The dam of submerged pain burst and I found myself plunged into the well of grief in my own heart.  I hadn’t realized that I had not felt safe enough to feel it fully, yet the connection with my yoga brother reminding me of my own brother and the guided meditation of following the arch of grief to the connection with the one lost, did its magic.  I found that I was indeed still connected to my brother and I could feel his presence at the other end of the golden thread, quietly there, alive and well just beyond the veil of this world and the next.   All the teachings that I had been practicing and believing but not necessarily experiencing became instantly alive.  I KNEW that life truly was eternal and that it is utterly possible to connect with our loved ones in the world beyond ours.  This was the gift that my brother had intended for our whole family and me in his early departure from our lives. 

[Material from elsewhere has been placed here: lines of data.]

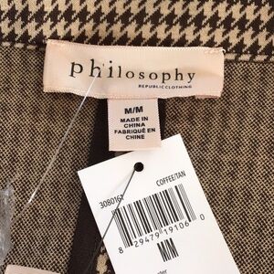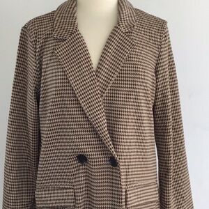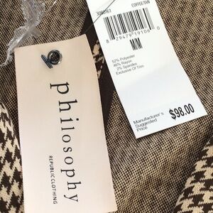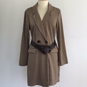 Philosophy brown houndstooth dbl breasted long blazer. M NWT belt not included
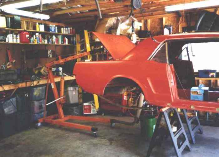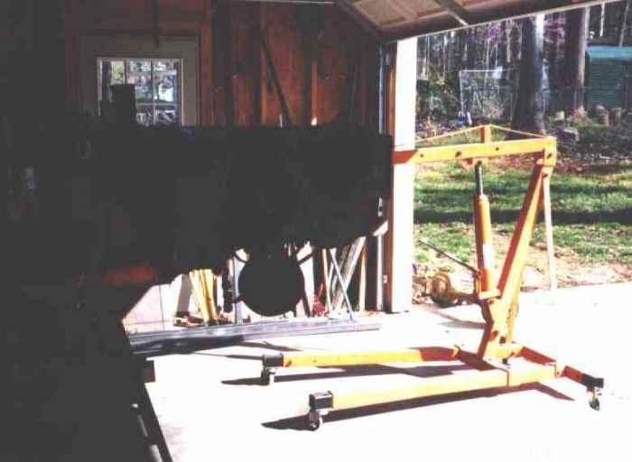 Using the engine hoist to lift the body high enough to slide the sawhorses
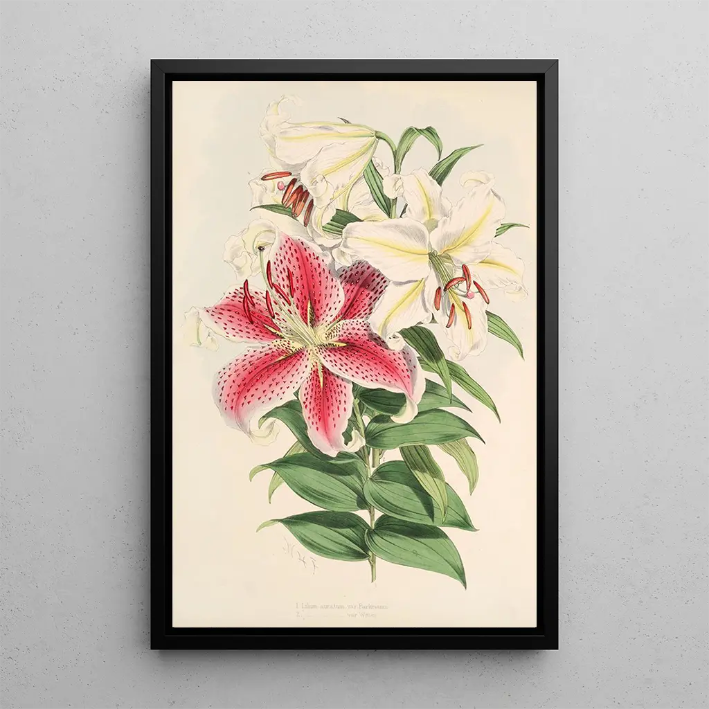 Der kunstdruck von Lilium auratum var Parkmanm ist eine ideale Wahl, um verschiedene Wohnräume zu verschönern, sei es im Wohnzimmer, im Büro oder im Schlafzimmer. Die Druckqualität garantiert eine Farb- und Detailtreue des Originalwerks und verleiht Ihrer Inneneinrichtung einen Hauch von Eleganz und Raffinesse. Dieses Bild, mit seinem unbestreitbaren ästhetischen Reiz, kann als Blickfang in einem Raum oder als ergänzendes Element zu anderen Kunstwerken dienen. Durch die Integration dieses Leinwandbildes in Ihre Dekoration laden Sie die Schönheit der Natur in Ihr Zuhause ein und feiern gleichzeitig das künstlerische Erbe von Walter Hood Fitch.
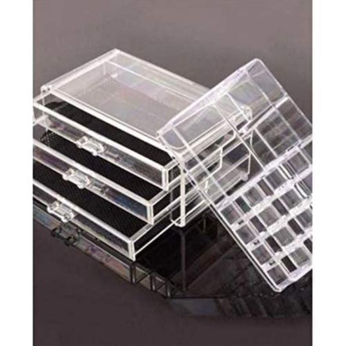 - التفاصيل: تخزين مكياج اكريليك شفاف. سيدوم صندوق التخزين هذا لفترة طويلة. يأتي مع حشوات شبكية سوداء لضمان الحفاظ على مجوهراتك بأمان.
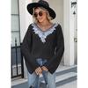 A Loose and Casual Women's Top with Sequined Embroidery, Lace Collar and V-neck Pullover
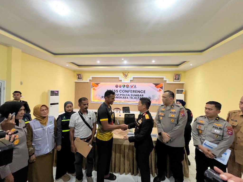 TBNews Sumbar – Polda Sumatera Barat menyerahkan sertifikat identifikasi jenazah kepada enam keluarga korban bencana galodo (banjir bandang) yang telah terverifikasi melalui pemeriksaan DNA. Penyerahan dilakukan dalam konferensi pers di Aula Rumah Sakit Bhayangkara TK III Padang, Senin (22/12/2025).
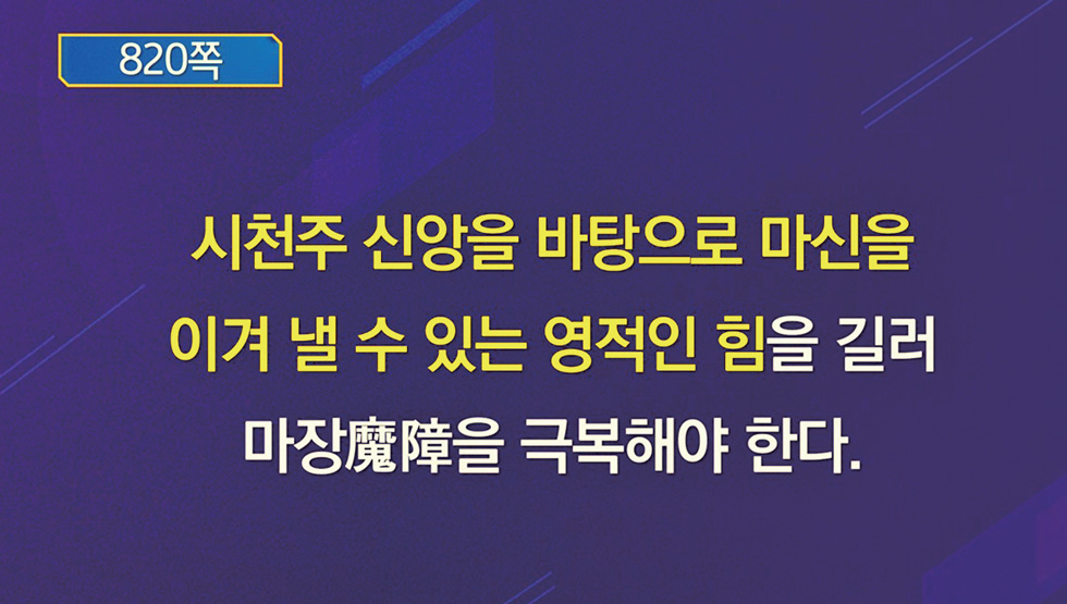 시천주 신앙을 바탕으로 마신을 이겨 낼 수 있는 영적인 힘을 길러 마장魔障을 극복할 수 있어야 한다.

The second gift came in the form of a teaching that became the foundation for my professional life for the past forty years. 

I had the great privilege of being in the presence of an awakened yoga master only seven years after the life shattering loss that has set me on my searching path at fifteen years old.

  The message we received was this:  “Every single experience in life is integratable.    We are made of intelligent life force and when we create a supportive container of witnessing, breathing and being with the inner experience as it is occurring, the wisdom of our life force is designed to bring that experience to resolution.  When our triggered sensations, feelings and thoughts are resolved, we make a quantum shift into a state of wholeness, peace, wisdom and well being.”

As we learn to “ride the wave” of our inner experiences we are not only guided to healing and resolution but shifted into our unity consciousness.  From this state of being we are capable of living conscious, empowered, loving lives of truth and joy.

I resonated so strongly with this message that I was inspired to co create a breath based practice that I now call Touch of Grace, and have facilitated hundreds of people in being able to resolve their grief, integrate their traumas and lead beautiful, fulfilling lives. 

And so I am now able to say to my beloved brother:  “Thank you for the gift of your life and your death.”   You were truly my first spiritual teacher and my entire life and life purpose have been shaped and guided by the profound power of grief and awakening that it brings.  When we allow grief to break our hearts open and then learn to trust in the innate power we hold to resolve and heal the impossible pain of loss, we are able to also receive the treasure of connection that never ever dies and lasts through eternity.